Good job, but what happens when you need to replace the sump pump or need access to the sump pit again? Instead of silicone, I'd recommend affixing rubber weather seal along the perimeter of the polycarbonate. That way, you can just lift the polycarbonate lid off of the sump pit and then put it back down again when you are done.
I'm dealing with this right now, I had a 2x2' siliconed down on my uneven floor to cover. Because of the radon mitigation, sealing with silicone does seem to be the best route, even though it's a pain to rip back up. Some heat and my multitool with a metal scraper blade made it pretty easy to take up the old stuff. I'll do a cleaner install that will be easier to take up when the time comes but the point of this is it should be good for 10+ years until this pump needs replacement again. For reference, the pump in the that I am replacing with the same pump (M53) lasted over 15 years.
Awesome vid. Was canvassing the internet looking for a sump pump cover that would work with my setup. Came across your vid and got it done for a fraction of the price. Works flawlessly - down from 6.5 pCi/l to less than 1
Great video, dude! Thoughtful and informative. Great caveats and considerations. I love seeing younger people taking radon mitigation seriously. 3.5-3.9 ain’t bad, but you’re right that it ain’t good either. “I can reduce levels without too much effort or money. Probably worth it. The ‘why’ outweighs the ‘why not.’” Thank you for uploading!
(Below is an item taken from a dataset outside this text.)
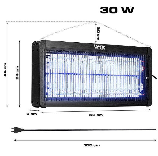 Az IKV-30W UV rovarirtó lámpa kiválóan megszelídíti az összes rovart, különösen a tolakodó szúnyogokat. A lámpa elhelyezhető és felakasztható (láncot tartalmaz). Méretek: 24 cm x 6 cm x 52 cm.

small suggestion if you ever cut polycarbonate again, it cuts cleaner with a plastic jigsaw blade on MEDIUM speed. High speed actually melts the plastic more then cut it, which is why you were getting those groups of plastic and why it was stuck together after cutting it.
Your dehumidifier is probably not sealed, so there is a probability that radon gas can still travel up the condensate pipe and into the basement. You might want to install a plumbing P-trap in the cover and just let the condensate pipe drain into that. Once there is water in the trap, it will prevent the radon from travelling back out.
I like it. May do similar, but I'm going to have to seal the edges, with a large cover in the middle that is removable--perhaps held down with screws and a gasket, for easier access to the sump
It is very well sealed but maybe too well. It seems like some in-venting would be necessary while water is expelled, to prevent a vacuum and excess motor work. Maybe some kind of one-way flap to prevent radon leaking out during idle periods.
@@noriskenderi4949 For me, The actual issue was another “non communicating” crawl space slab that didn’t have a mitigation system. I ended up installing a second system on that slab and my levels are now usually at 1.0 or below.
So before I took any action, my radon levels were around 4 pci/l . I did 3 things. I replaced my radon fan with a more powerful fan. It doubled the suction on my vacuum gauge. Second thing I did, was seal all cracks in the slab, and apply an epoxy floor coating. Third thing I did was install these covers. My radon levels now are between .5-.8 in the summer time, and around 1-1.2 in the winter time.
Funny you mention that. I had a dual pump failure and my basement flooded. I had to pop off both covers. It required a screw driver but no big deal. The silicone was pulled off the cover either by hand or with a safety razor. Heres what I am doing differently this time. I Installed a water sensor in the sump pit that is tied into my alarm system. This notifies me if any water is collecting in the sump. Also, I tied a piece of string to each float and drilled a small hole in each cover for the string. This allows me to pull up on the string and test the float switches with the covers on and sealed.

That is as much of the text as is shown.